> **EXERCISE DETAILS**: No pictures belong in the copy, but every line of the material below must be reproduced exactly.
==== RECORDED INFORMATION ====
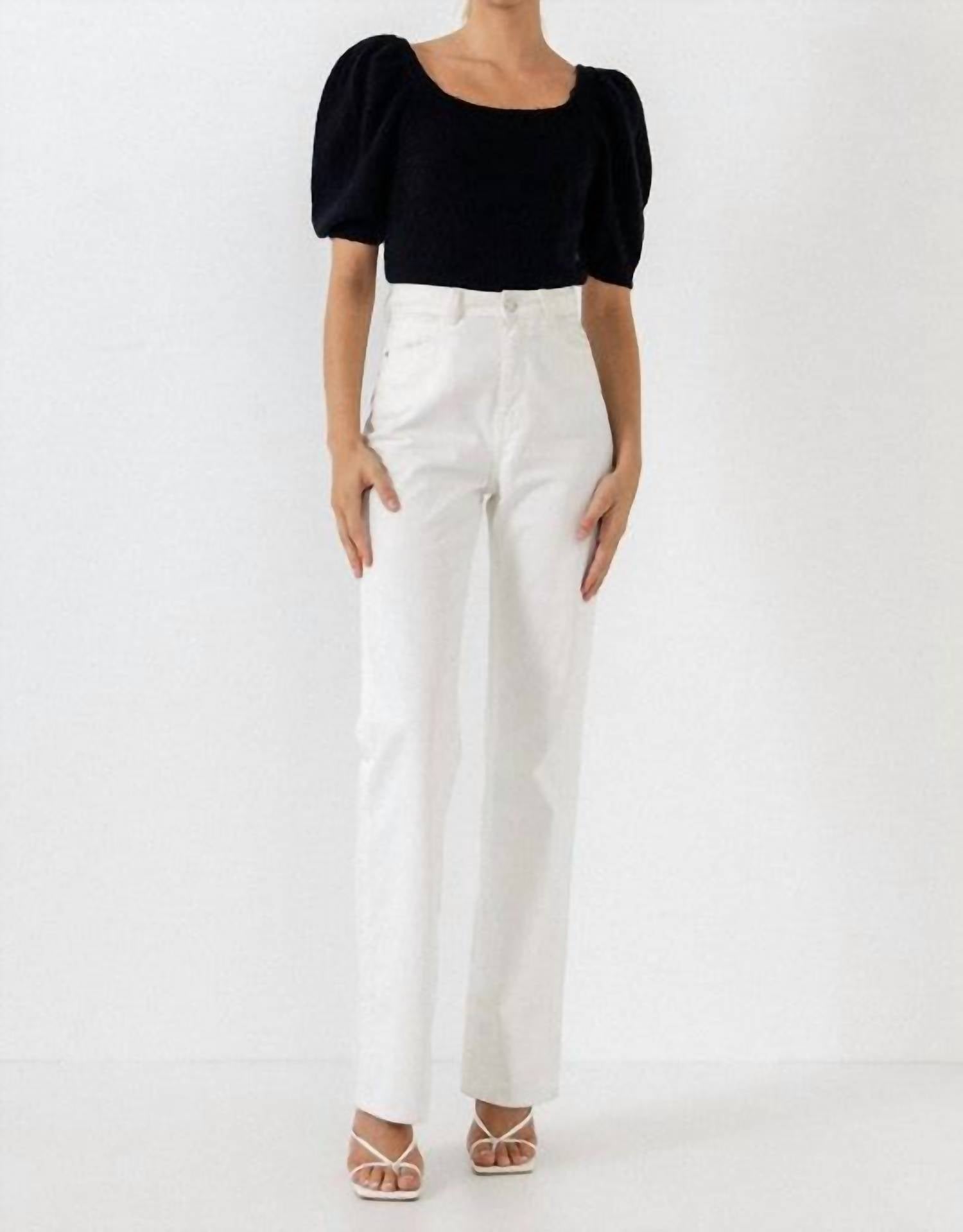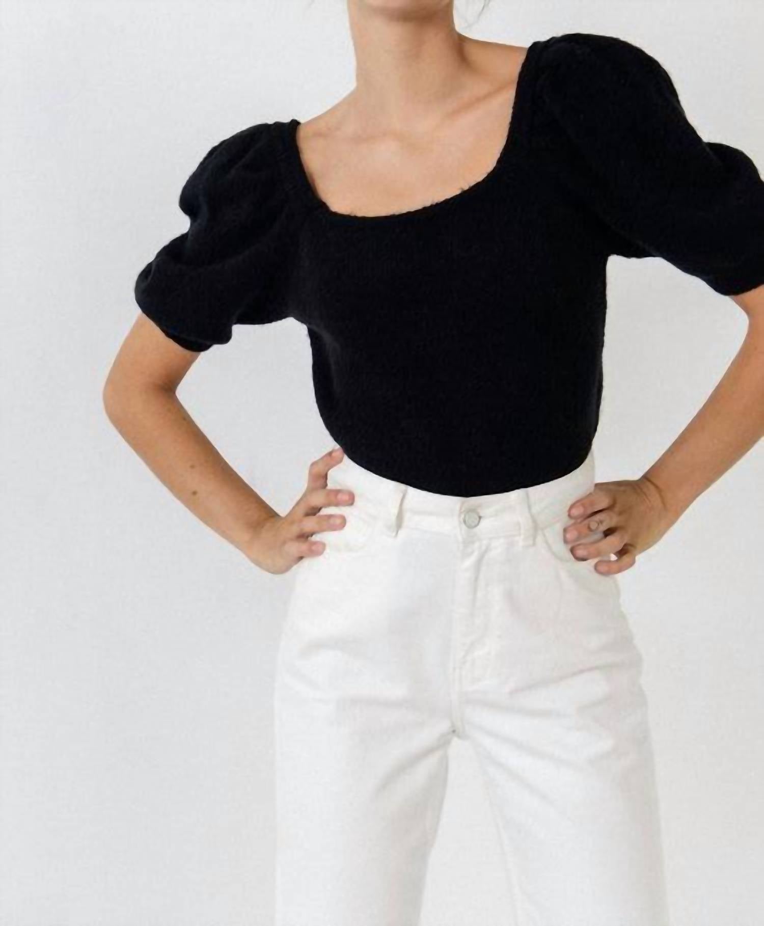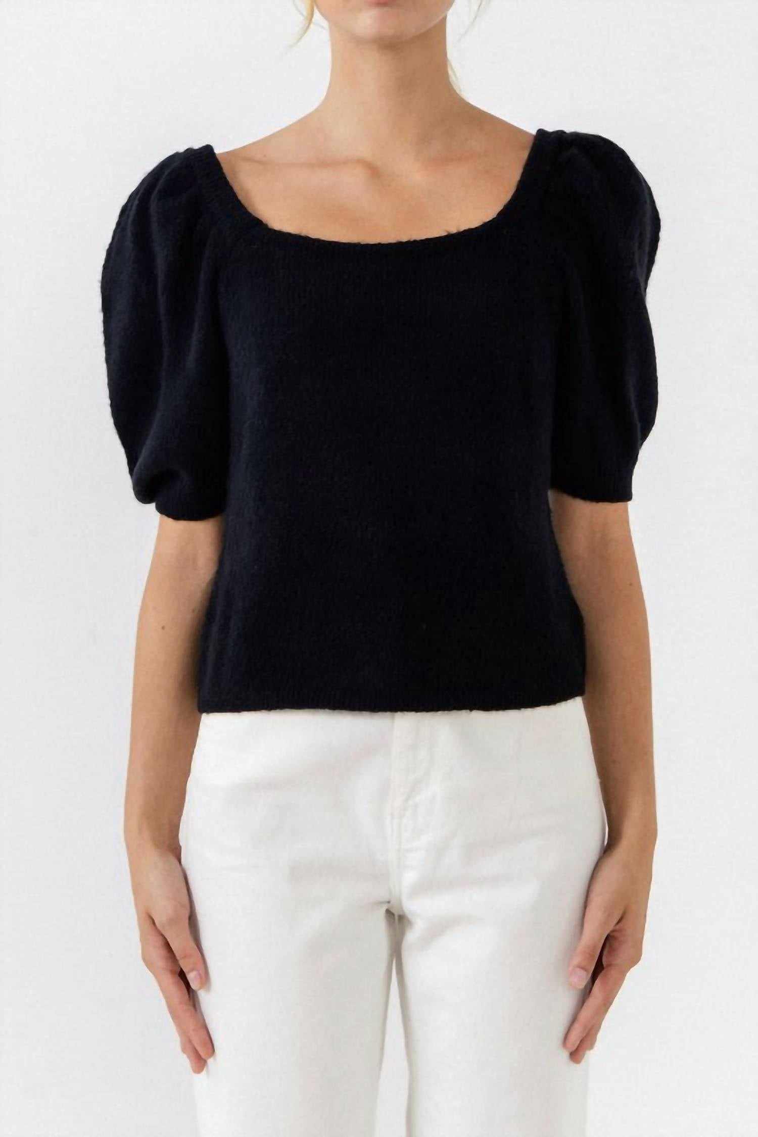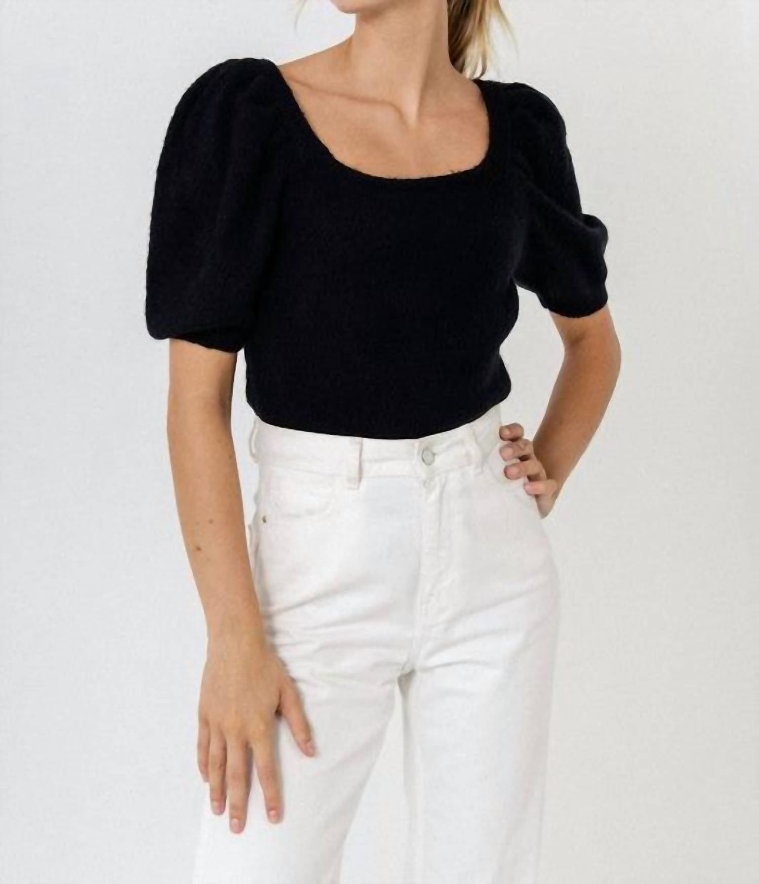 Stay warm and stylish in this versatile and effortlessly cool knitwear staple. Wear it alone or layered, it's the perfect sweater for the season and you'll wish you had it in every color. Standout minimalist piece in solid black. Featuring short puff sleeves and a chic square neckline. Crafted from a blend of 65% Acrylic, 25% Nylon, and 10% Polyester for a balanced feel and fit. Originating as a versatile square neck essential. Pull on style. Hand wash. Perfect for travel during the spring season.
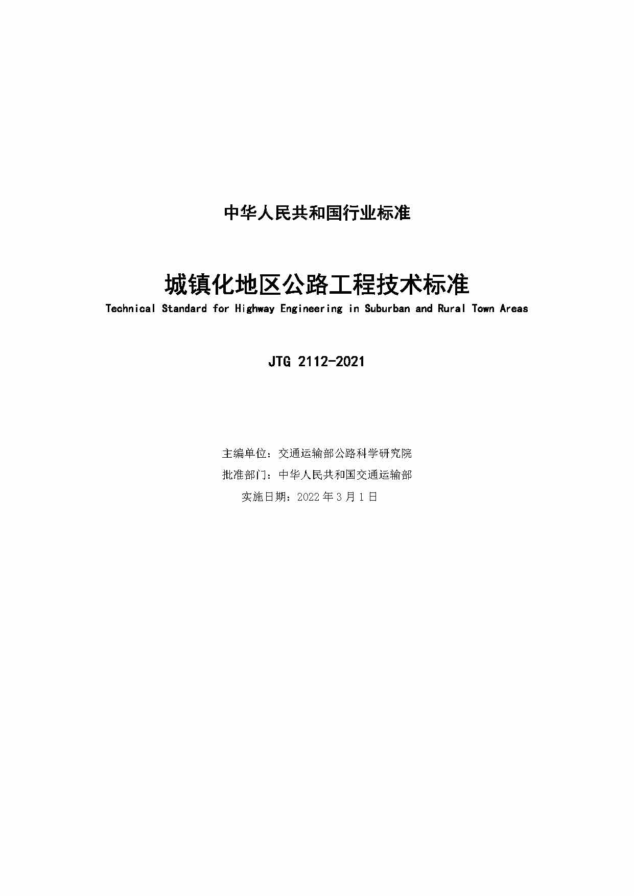 《城鎮化地區公路工程技術標準》(JTG 2112—2021)的管理權和解釋權歸交通運輸部,日常解釋和管理工作由主編單位交通運輸部公路科學研究院負責。
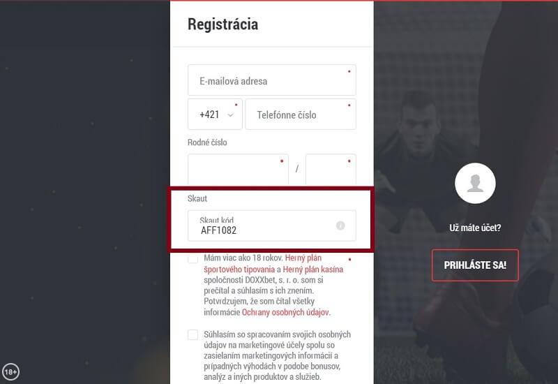 Registračný bonus online casina Doxxbet má dve úrovne – 50 voľných zatočení máte garantovaných, ďalších 25 voľných zatočení obdržíte, ak počas registrácie uplatníte náš Skaut kód AFF1082. Skaut kód je potrebné zadať v prvom registračnom formulári, do príslušného poľa (viď obrázok nižšie). Jedná sa o extra benefit bez skrytých podmienok alebo budúcich obmedzení.
====
> **RESPONSE**:
 Stay warm and stylish in this versatile and effortlessly cool knitwear staple. Wear it alone or layered, it's the perfect sweater for the season and you'll wish you had it in every color. Standout minimalist piece in solid black. Featuring short puff sleeves and a chic square neckline. Crafted from a blend of 65% Acrylic, 25% Nylon, and 10% Polyester for a balanced feel and fit. Originating as a versatile square neck essential. Pull on style. Hand wash. Perfect for travel during the spring season.
 《城鎮化地區公路工程技術標準》(JTG 2112—2021)的管理權和解釋權歸交通運輸部,日常解釋和管理工作由主編單位交通運輸部公路科學研究院負責。
 Registračný bonus online casina Doxxbet má dve úrovne – 50 voľných zatočení máte garantovaných, ďalších 25 voľných zatočení obdržíte, ak počas registrácie uplatníte náš Skaut kód AFF1082. Skaut kód je potrebné zadať v prvom registračnom formulári, do príslušného poľa (viď obrázok nižšie). Jedná sa o extra benefit bez skrytých podmienok alebo budúcich obmedzení.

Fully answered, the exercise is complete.